Two shuttered betting shops still owe $449,000 in taxes
Two of the island’s shuttered betting shops still owe taxpayers a total of almost $450,000 in tax.
The Office of the Tax Commissioner shared figures with The Royal Gazette under public access to information showing that two businesses had been in arrears for betting tax totalling $448,864 for the past two years.
The Ministry of Finance did not respond by press time to a question about what efforts had been made to collect the money.
The OTC’s information officer would not share details on which shops owed the tax, noting that the information was consolidated “to avoid the disclosure of individual taxpayer information”.
All of the island’s betting shops ― Paradise Games, Seahorses and Triple Crown Racing in Hamilton and GameTime in St George’s and Somerset ― closed down in March last year when they were required under new legislation to apply for bookmaker’s licences from the Bermuda Gaming Commission.
As reported by The Royal Gazette last week, minutes from BGC meetings showed that none of the betting shops submitted completed applications under the new regime, which includes a 22-page betting licence application form, a 67-page multi-jurisdictional personal history disclosure form and permission for the commission to run background checks.
The OTC said that five entities were registered to pay betting tax ― which is 20 per cent of all bets made, received or negotiated ― for the years 2015 to 2022.
The information officer said that she was prohibited by law from sharing their names under the Taxes Management Act.
She disclosed that in the financial year 2015-16, the five entities declared bets worth $7.2 million and paid betting tax of $1.4 million.
The following year, there was $4.6 million in declared bets and $923,385 in tax paid.
Revenue then appears to have dropped dramatically, with declared bets down to $779,875 in 2017-18.
By 2018-19, the amount of declared bets was just $605,512. The Government received only $121,102 in betting tax revenue that year.
The reason for the steep decline is not known, although the growing popularity of online betting websites is likely to be a factor.
The information officer said that the OTC queried one of the five entities about the falling revenue in 2018 when it provided revised tax amounts for 2016-17 and 2017-18, but the correspondence could not be found to share with the Gazette in response to its Pati request.
“There has been no recent correspondence regarding overall declared betting revenue numbers,” she added.
A Triple Crown Racing spokesman said: “TCR has paid all its taxes.” The spokesman said last week that the company felt that the personal disclosure requirements for a licence were too intrusive under the new legislation and “with the business being marginally profitable, we decided to give up our licence and close the business”.
Paradise Games owner Marc Bean was unable to say if his business owed taxes but said that the OTC should be able to share the information.
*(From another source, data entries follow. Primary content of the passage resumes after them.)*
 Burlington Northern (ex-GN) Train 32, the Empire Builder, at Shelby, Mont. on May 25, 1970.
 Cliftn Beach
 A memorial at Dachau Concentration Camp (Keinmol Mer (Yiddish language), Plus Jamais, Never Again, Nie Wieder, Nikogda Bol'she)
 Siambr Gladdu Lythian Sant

Paradise Games submitted an application for a bookmaker’s licence last year, but the BGC said it was not valid.
All efforts to reach Albert Steede, the owner of GameTime and Seahorses and former Bermuda cricketer, have been unsuccessful but his businesses have suffered financial struggles in recent years.
Mr Steede went into the sports betting business in 2006 with friend and fellow national cricket team player Cleon Scotland after retiring from the game.
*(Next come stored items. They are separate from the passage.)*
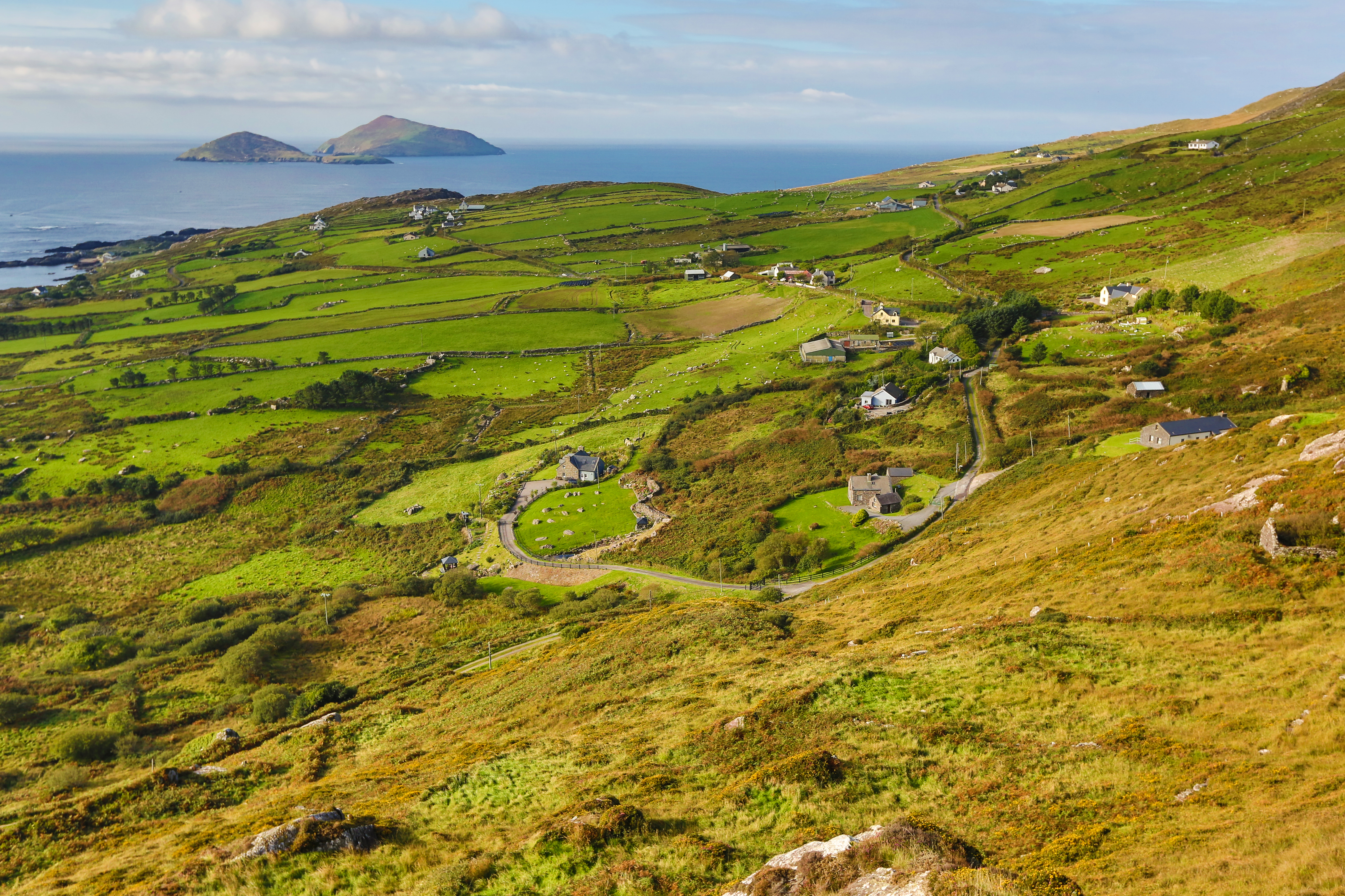 Scariff and Deenish Islands 12282959374 o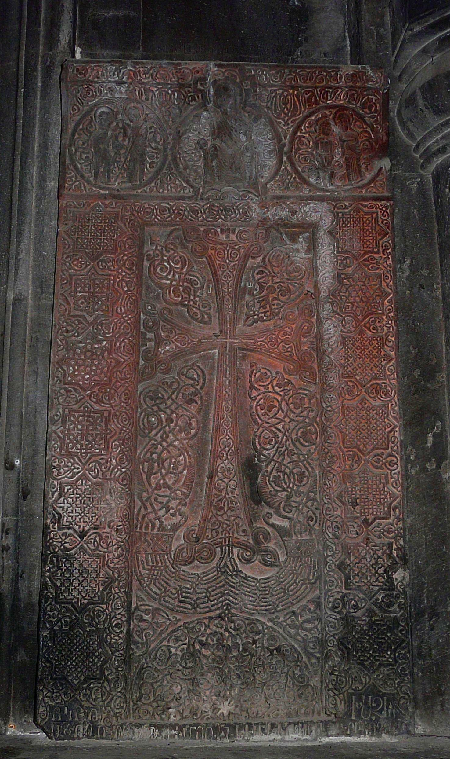 Khachkar by Timot and Mkhitar, 1213, gavit, Geghard, Armenia.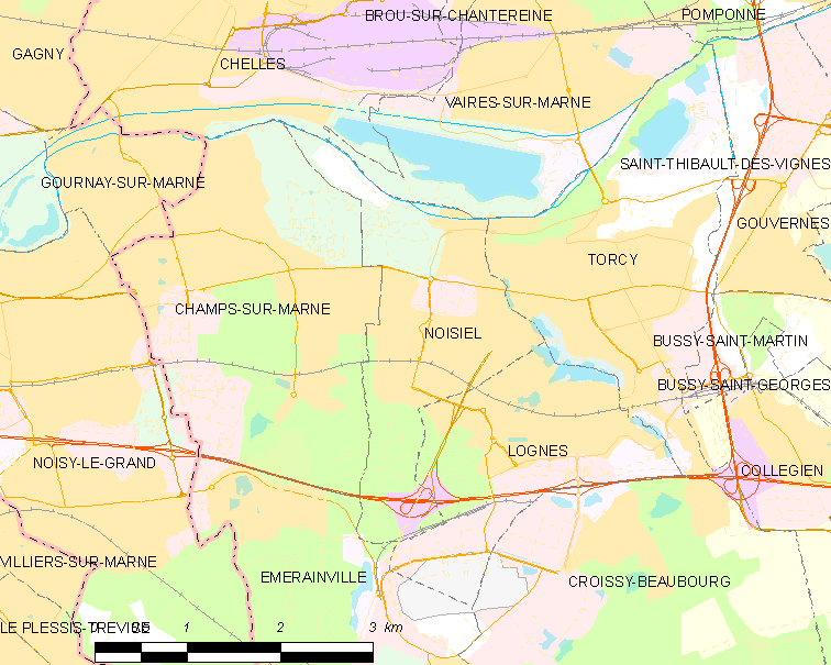 Map of French municipality Noisiel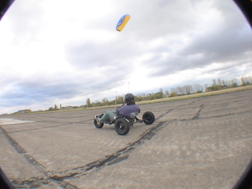 Buggykiting in Milovice, CZ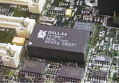 Dallas Semiconductor DS12887 Real Time Clock chip on a motherboard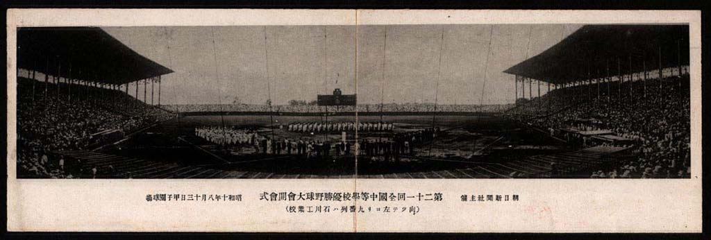 The 21st Annual National High School Baseball Championship opening ceremory (Kōshien Stadium)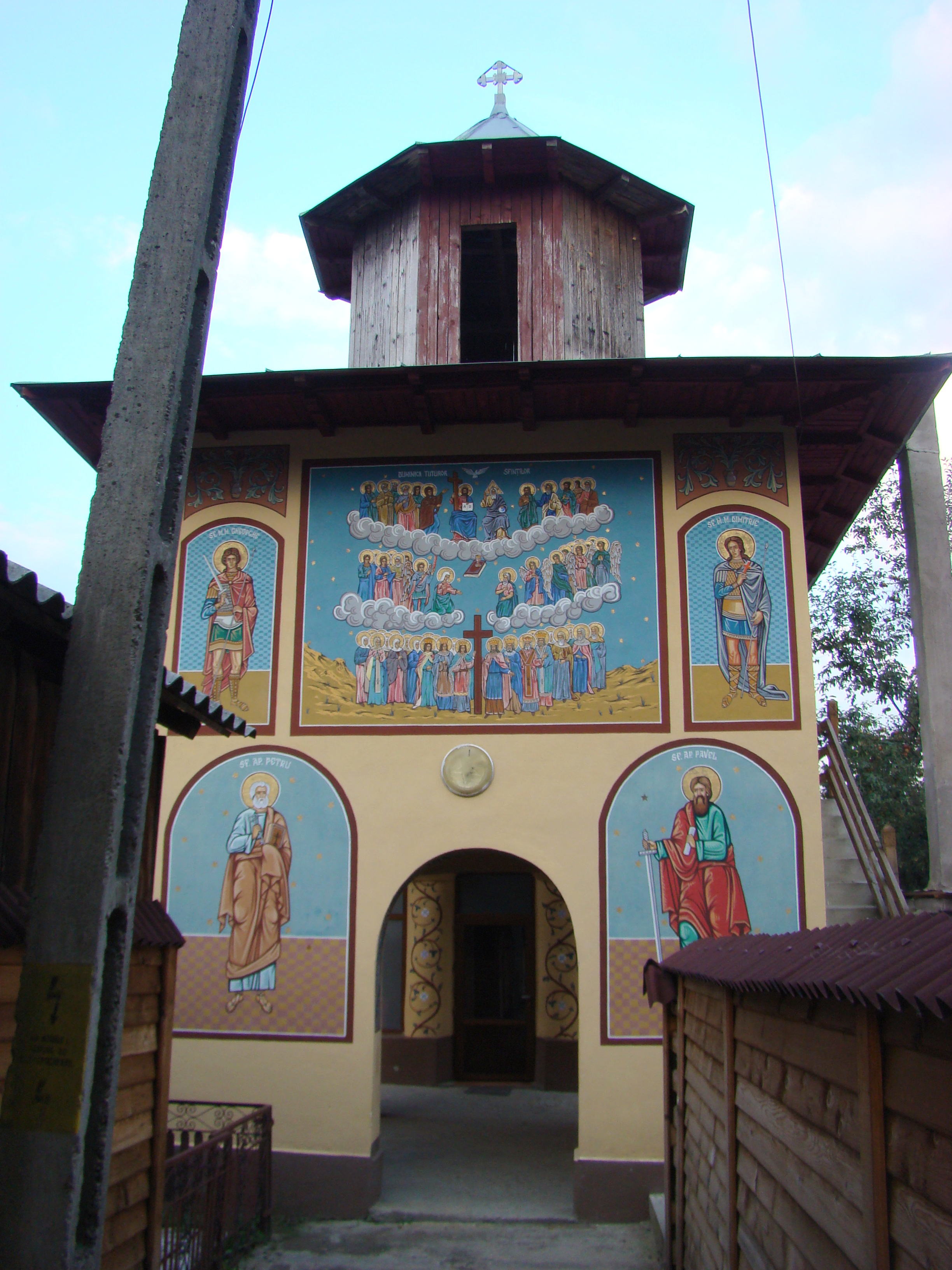 Wooden church in Vărzăroaia, Argeș county, Romania

They took over the International Fixed Odds betting shop, with former owner Alan Lindo staying on as part-time owner and adviser, after the business was rebranded as GameTime.
At the time, Mr Lindo said: “There is more money leaving Bermuda than staying in Bermuda in betting because 20 per cent is a high [tax] rate. The larger bettors are going on to the internet.”
By 2018, Mr Steede held all the shares in GameTime and also owned Seahorses, the Queen Street bookmaker.
GameTime’s shop in Hamilton closed in 2019 when Mr Steede said it made no sense for it to compete with Seahorses.
It was reported this year that Seahorses was being sued for allegedly failing to pay tens of thousands of dollars in rent to its landlord, the Bermuda Mechanics Beneficial Association.
Mr Steede is understood to have moved to Britain after his shops closed last year.
Questions to David Burt, the Premier and Minister of Finance, about the decline of the betting-shop sector went unanswered by press time.